HOW TO COMPLETE THIS TASK:
While leaving the pictures out, set down only the lines from the one with "Регионална библиотека „Светослав" through the end of the records, exactly as they stand.
━━━━━━━━
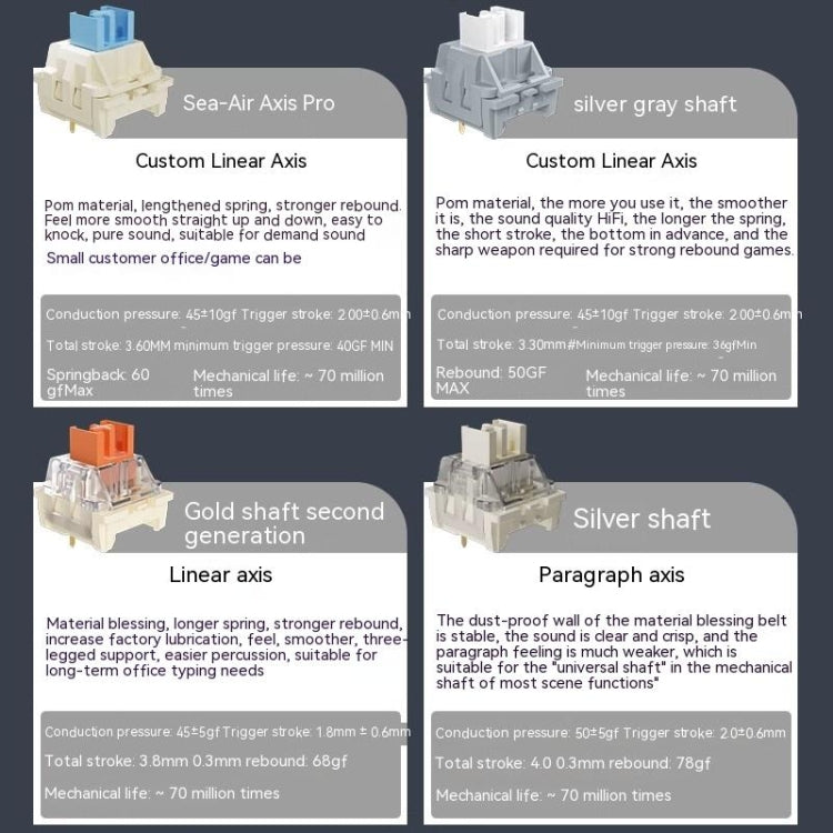 Rynx | LANGTU LT104 Mechanical Keyboard Backlight Display Flexible DIY Keyboard, Style: Wired Single Function Mode Gold Switch (White)
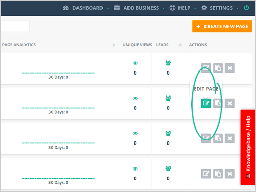 Step 2. Click the Edit Page icon on the landing page that you want to set up.
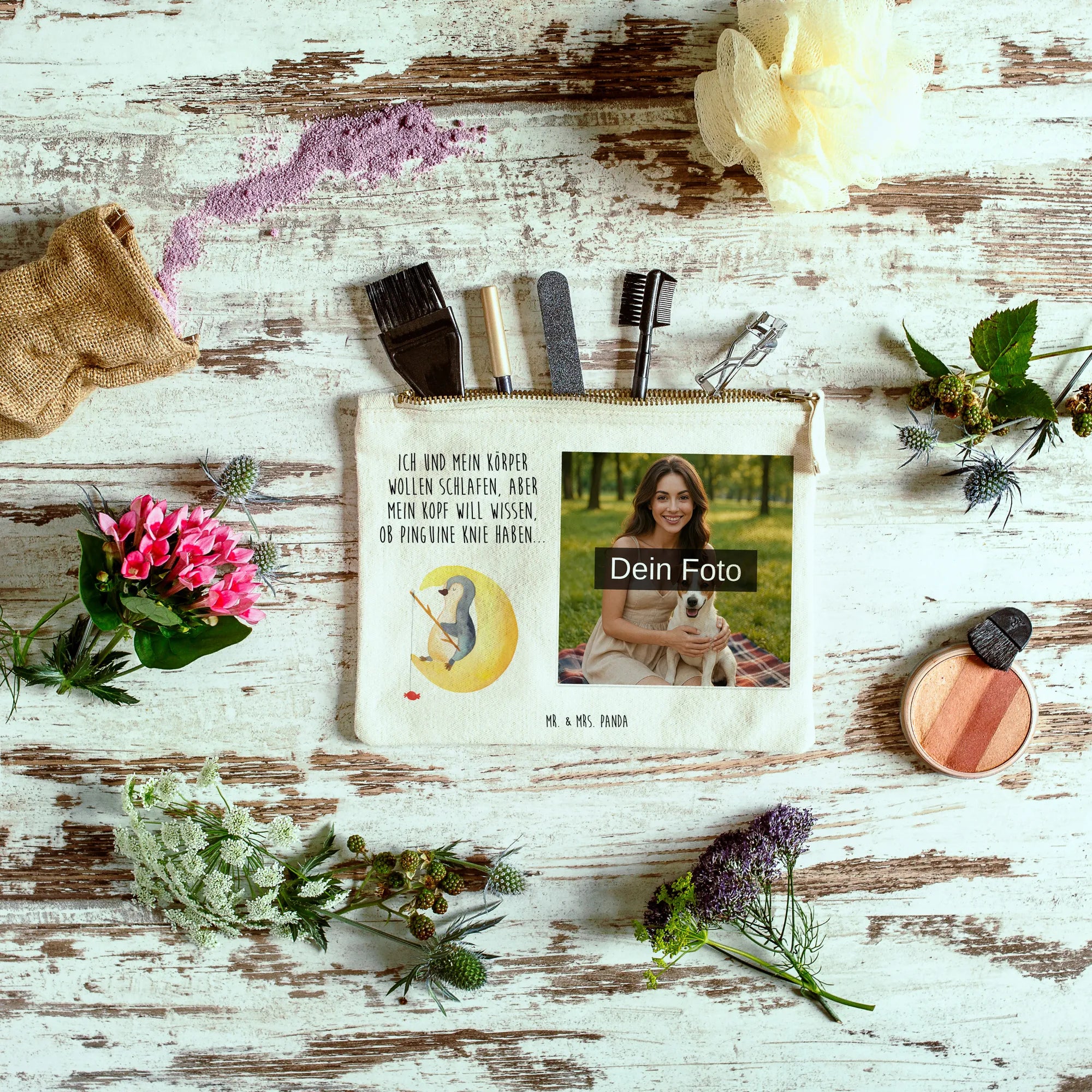 Personalized Photo Makeup Bag Penguin moon - Größe S Klein
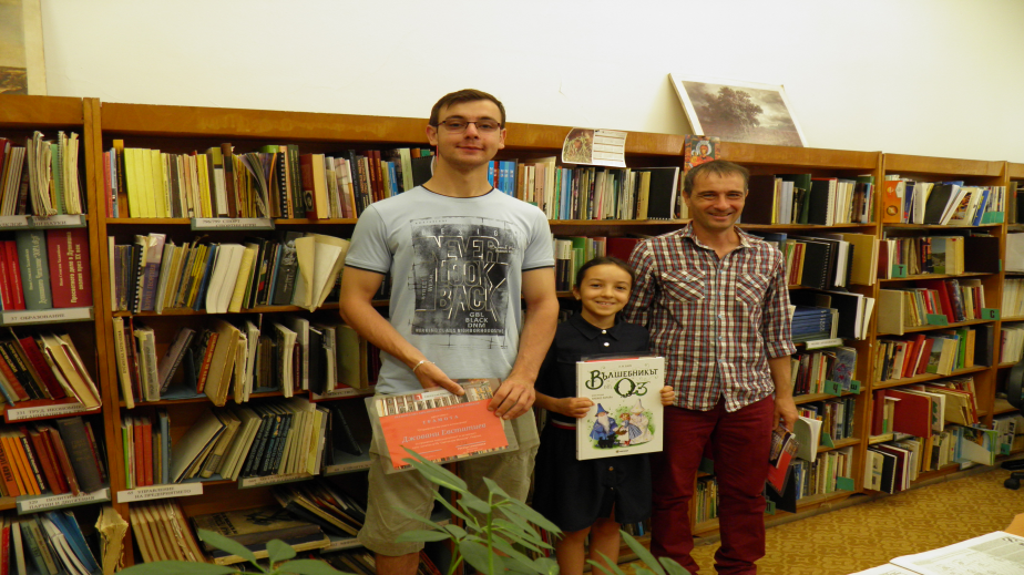 Регионална библиотека „Светослав Минков” връчи днес награди на трима от най- любознателните си читатели. Наградата е наречена „Откривател на книги и познание”. С нея библиотеката реши да поощри не само четящи хора, а такива, които търсят и успяват да намерят в книгите познание. Тримата отличени са Белослава Пенчева- ученичка в III- ти клас в ОУ „Св. Иван Рилски”, Джовани Евстатиев, който тази година тази година завърши ПГТС „Арх. Йордан Миланов” и журналистът Кристиян Иванов. Наградите- специална грамота и книга, бяха връчени днес на тържество в читалнята.
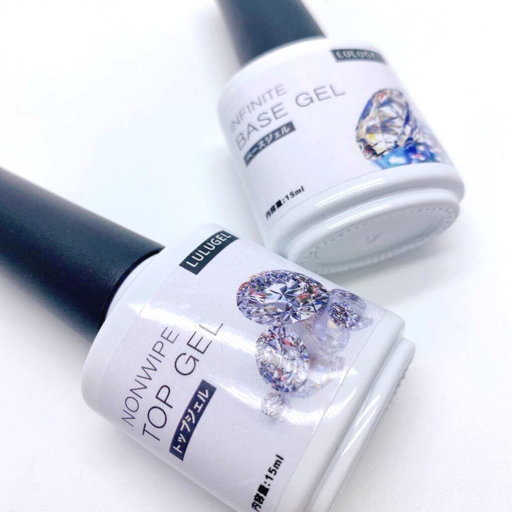 【LULUGEL インフィニット ベースジェル ノンワイプ トップジェル】内容量:15ml 硬化時間:【LED】約30~120秒 【UV】約120~180秒 ※塗量や色によって硬化時間が異なる場合がございます。
━━━━━━━━
RESPONSE:
 Регионална библиотека „Светослав Минков” връчи днес награди на трима от най- любознателните си читатели. Наградата е наречена „Откривател на книги и познание”. С нея библиотеката реши да поощри не само четящи хора, а такива, които търсят и успяват да намерят в книгите познание. Тримата отличени са Белослава Пенчева- ученичка в III- ти клас в ОУ „Св. Иван Рилски”, Джовани Евстатиев, който тази година тази година завърши ПГТС „Арх. Йордан Миланов” и журналистът Кристиян Иванов. Наградите- специална грамота и книга, бяха връчени днес на тържество в читалнята.
 【LULUGEL インフィニット ベースジェル ノンワイプ トップジェル】内容量:15ml 硬化時間:【LED】約30~120秒 【UV】約120~180秒 ※塗量や色によって硬化時間が異なる場合がございます。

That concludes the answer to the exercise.